Ok, I used RabbitMQ 3.6.14 with Erlang 20.1 initially to make sure that in my current machine the problem was still occurring.
After confirming that, I compiled the version in your main-20 branch, and restarted RabbitMQ.

Having confirmed that the version of Erlang reported was now 20.3.6, I sent a couple of messages like before.
Unfortunately, after a couple of seconds the RabbitMQ management interface reported a Network partition,
 and I confirmed with netstat the same problem as before:
{code}
Active Internet connections (servers and established)
Proto Recv-Q Send-Q Local Address               Foreign Address             State   PID/Program name
tcp   761444 374672 172.17.0.4:50277            172.17.0.3:25672            ESTABLISHED 26323/beam.smp
{code}
The TCP queues are stuck for _beam.smp_ and will stay like that indefinitely...

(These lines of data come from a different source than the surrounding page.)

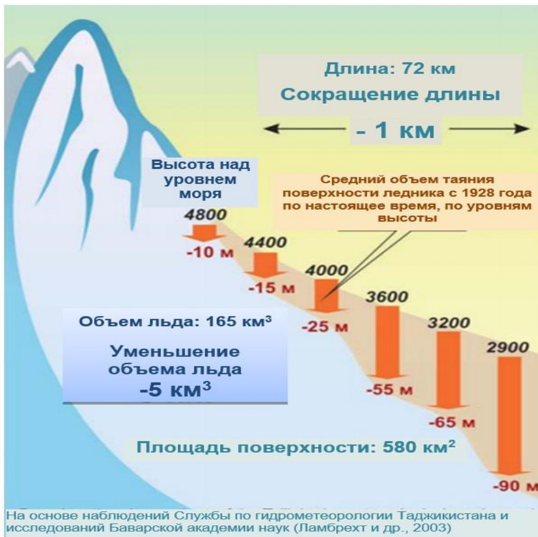
Рисунок 3. Таяние ледника Федченко

15. Скорость ветра стало сильнее за эти годы. Скорость ветра равная или превышающая 15 миль в секунду наблюдаются на метеорологических станциях в узких горных долинах (например, Худжанд и Файзабад), в горных перевалах (например, Анзобский перевал), а также на высокогорном плато (например, Восточный Памир). Количество дней с западными ветрами уменьшились, в результате меньшего вторжения холодного западного воздуха, но количество дней с восточными и северо-восточными ветрами увеличились.
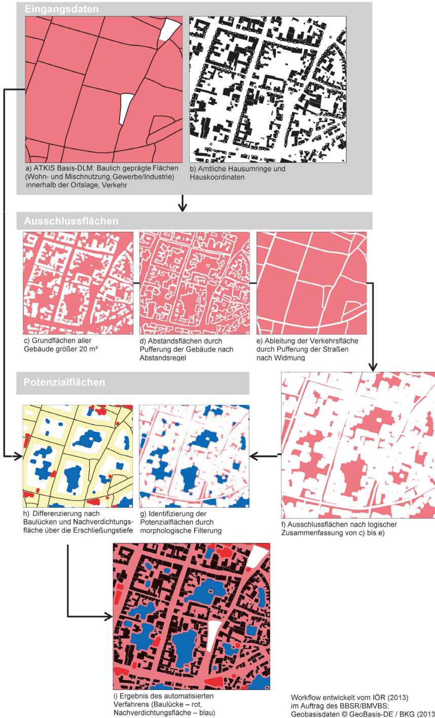
Abb. 1: Verfahrensschritte zur Identifikation von Baulücken und Nachverdichtungspotenzialen am Beispiel einer Innenstadt in Sachsen-Anhalt
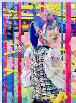
Title : あそぼうよ-少女S
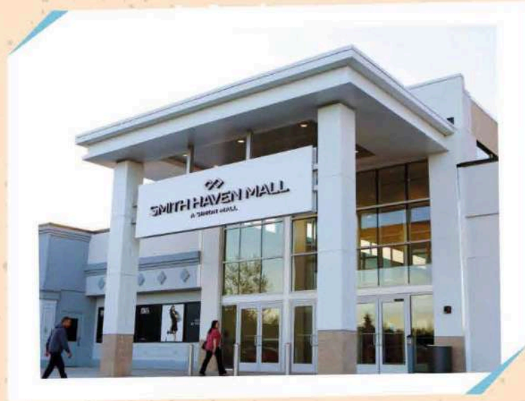
SMITH HAVEN MALL

313 Smith Haven Mall, Lake Grove, NY 11755
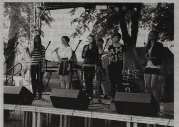
Grupa „Pas de nom” wykona utwory niezwykłych artystów polskiej sceny muzycznej.
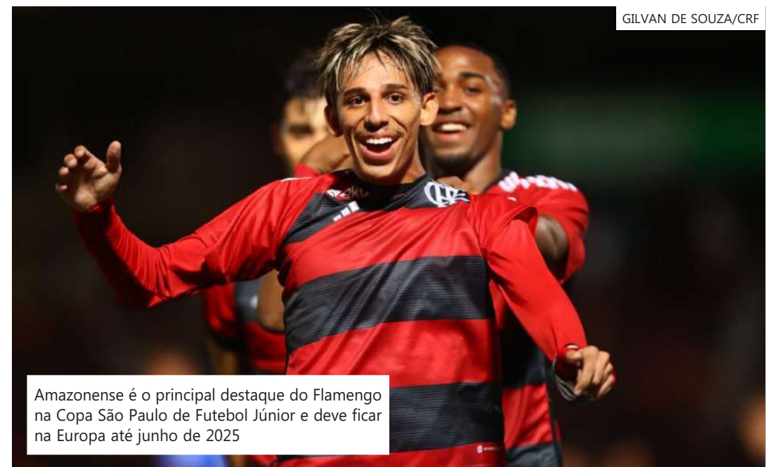
GILVAN DE SOUZA/CRF

Werton tem oito jogos como profissional - estreou em julho de 2021. Em 2022, na reta final do Campeonato Brasileiro, marcou um gol contra o Juventude.
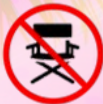
Campingstühle & Campingzubehör
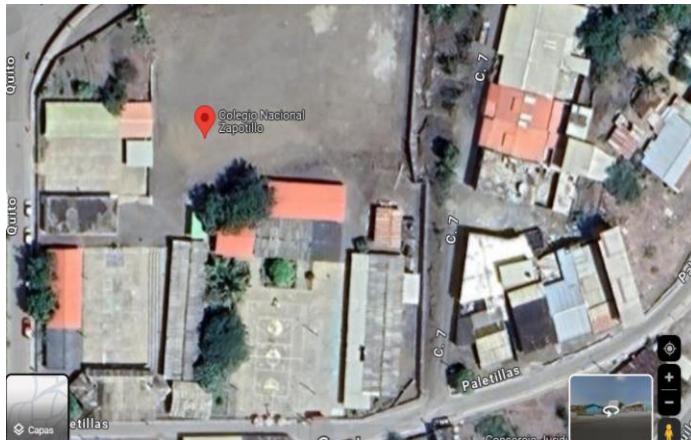
Figura 1 Ubicación del Colegio de Bachillerato Zapotillo.

En la Figura 1 se observa la localización y ubicación del Colegio de Bachillerato Zapotillo.
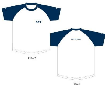
ラグランTシャツ （サイズ：L/XL）各¥4,300

It gets stuck in the same places as before (somewhat):
{code}
2018-06-04 19:16:41 [{pid,<11297.88.0>},
                     {registered_name,[]},
                     {current_stacktrace,
                         [{gen,do_call,4,[{file,"gen.erl"},{line,169}]},
                          {gen_statem,call_dirty,4,
                              [{file,"gen_statem.erl"},{line,591}]},
                          {ssl_connection,call,2,
                              [{file,"ssl_connection.erl"},{line,1966}]},
                          {ssl_tls_dist_proxy,loop_conn,2,
                              [{file,"ssl_tls_dist_proxy.erl"},{line,364}]}]},
                     {initial_call,{erlang,apply,2}},
                     {message_queue_len,12},
                     {links,[#Port<11297.3914>,<11297.51.0>]},
                     {monitors,[{process,<11297.90.0>}]},
                     {monitored_by,[<11297.90.0>]},
                     {heap_size,233}]
2018-06-04 19:16:41 [{pid,<11297.90.0>},
                     {registered_name,[]},
                     {current_stacktrace,
                         [{prim_inet,send,3,[]},
                          {tls_socket,send,4,
                              [{file,"tls_socket.erl"},{line,48}]},
                          {tls_connection,send_application_data,5,
                              [{file,"tls_connection.erl"},{line,383}]},
                          {ssl_connection,write_application_data,3,
                              [{file,"ssl_connection.erl"},{line,392}]},
                          {ssl_connection,connection,4,
                              [{file,"ssl_connection.erl"},{line,925}]},
                          {gen_statem,call_state_function,5,
                              [{file,"gen_statem.erl"},{line,1633}]},
                          {gen_statem,loop_event_state_function,6,
                              [{file,"gen_statem.erl"},{line,1023}]},
                          {tls_connection,init,1,
                              [{file,"tls_connection.erl"},{line,119}]}]},
                     {initial_call,{proc_lib,init_p,5}},
                     {message_queue_len,35728},
                     {links,[<11297.53.0>,#Port<11297.3682>]},
                     {monitors,[{process,<11297.88.0>}]},
                     {monitored_by,[<11297.88.0>]},
                     {heap_size,514838}]
{code}

Tell me if you need more information....

OTP-Maintainer commented 6 years ago

ingela said:

Humm ... I did not know it was the erlang distribution over TLS you where using. Alas I think this patch will not be enough for the distribution in OTP 20. I think it will work in OTP 21 when the distribution is rewritten. But in 20 it is more complicated with more sockets involved that may be the underlying cause of the problem.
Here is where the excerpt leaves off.